As a juvenile she hunted in packs, but when she matured she worked alone. She did not attack her prey and fight it to the death. Instead, she fell upon her victim and delivered a single, savage bite, her teeth cutting through armor and plate to reach vital organs and pulsing arteries; and at the moment when she had fixed her prey like a worm on a pin, she cocked a leg and gave it a ripping kick. Then she released it and retreated to a safe distance while it futilely roared, slashed, convulsed, and bled to death.

Like many predators, she also scavenged; she would eat anything as long as it was meat. Sinking her teeth into a suppurating, maggot-packed carcass satisfied her as much as swallowing whole a still beating heart.

Tyrannosaur Canyon

6 Comments:

By Anonymous Anonymous, at Tue May 22, 12:47:00 AM:

Now you know why all the other dinosuars ran like crazy when a tyranasoarus rex came along but the most scary of all thems sharptooths its HILLAYSOARUS REX  

By Blogger Grumpy Old Man, at Tue May 22, 12:48:00 AM:

Great prose.

Hillary to a T.  

By Anonymous Anonymous, at Tue May 22, 11:26:00 AM:

Tsk tsk. Shame on you for repeating outdated stereotypes. Any child who watches PBS will tell you that real dinosaurs are like Barney.  

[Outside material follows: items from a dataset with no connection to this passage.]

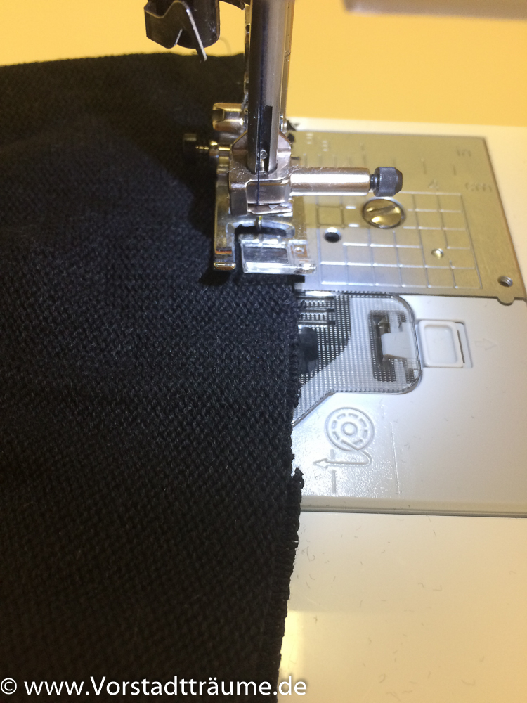 - Den Ärmel auf links drehen und entlang der Schnittkante zu nähen.
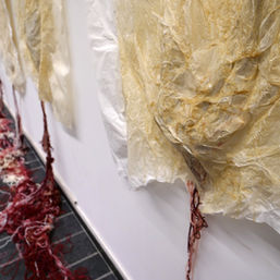2024, Sculpture sonore, Acier, papiers de riz, colle d'os de bovins, laine, pigments, micro piezo, amplificateur, pédale, deux prises électriques, 240 sur 98 cm
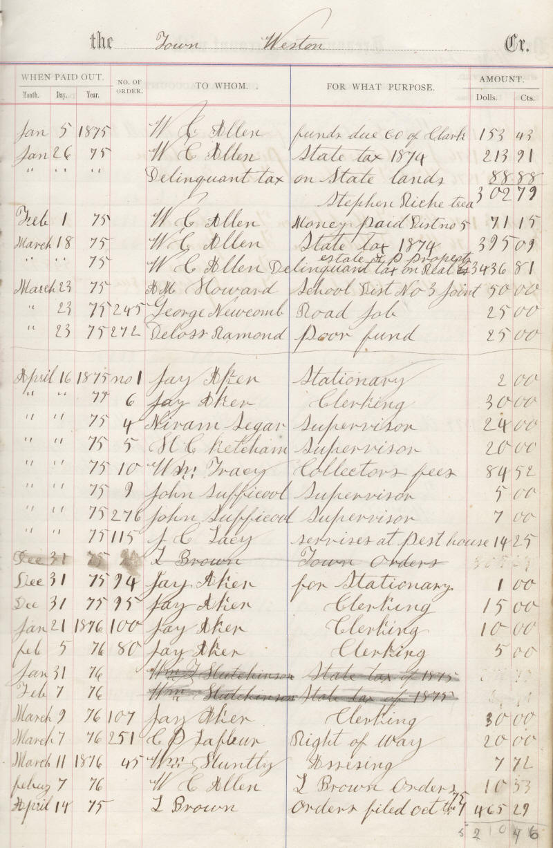 1875 Weston Township Treasurer's Ledger-4
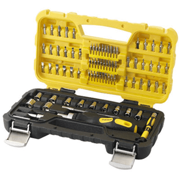 Set de tournevis 75 pcs.Ce set comprend notamment un tournevis, 1 adaptateur, 1 adaptateur carré, 11 embouts, 3 jeux de douilles, 34 douillles de 25mm. Ce set est fourni dans un coffret avec fermetures métal. Sous coffret Dunlop. Design exclusif.Abs et Inox. Impression : pochette verticale, rabat en haut, Sur la poche, max color : 1

By Anonymous Anonymous, at Wed May 23, 12:53:00 AM:

Hey annonymous have you even seen disneys FANTASIANS and RITE OF SPRING? a tyranasurus attacks and run down a stegasoarus and kills him  

By Blogger Purple Avenger, at Wed May 23, 05:51:00 AM:

So what's a male T-Rexx doing while all this female rapaciousness is going on?  

By Blogger joated, at Wed May 23, 12:08:00 PM:

Fantastic writing!

As for what the male T. Rex is doing--probaly either watching his back or waiting his turn to steal her meal--just like in a lion pride.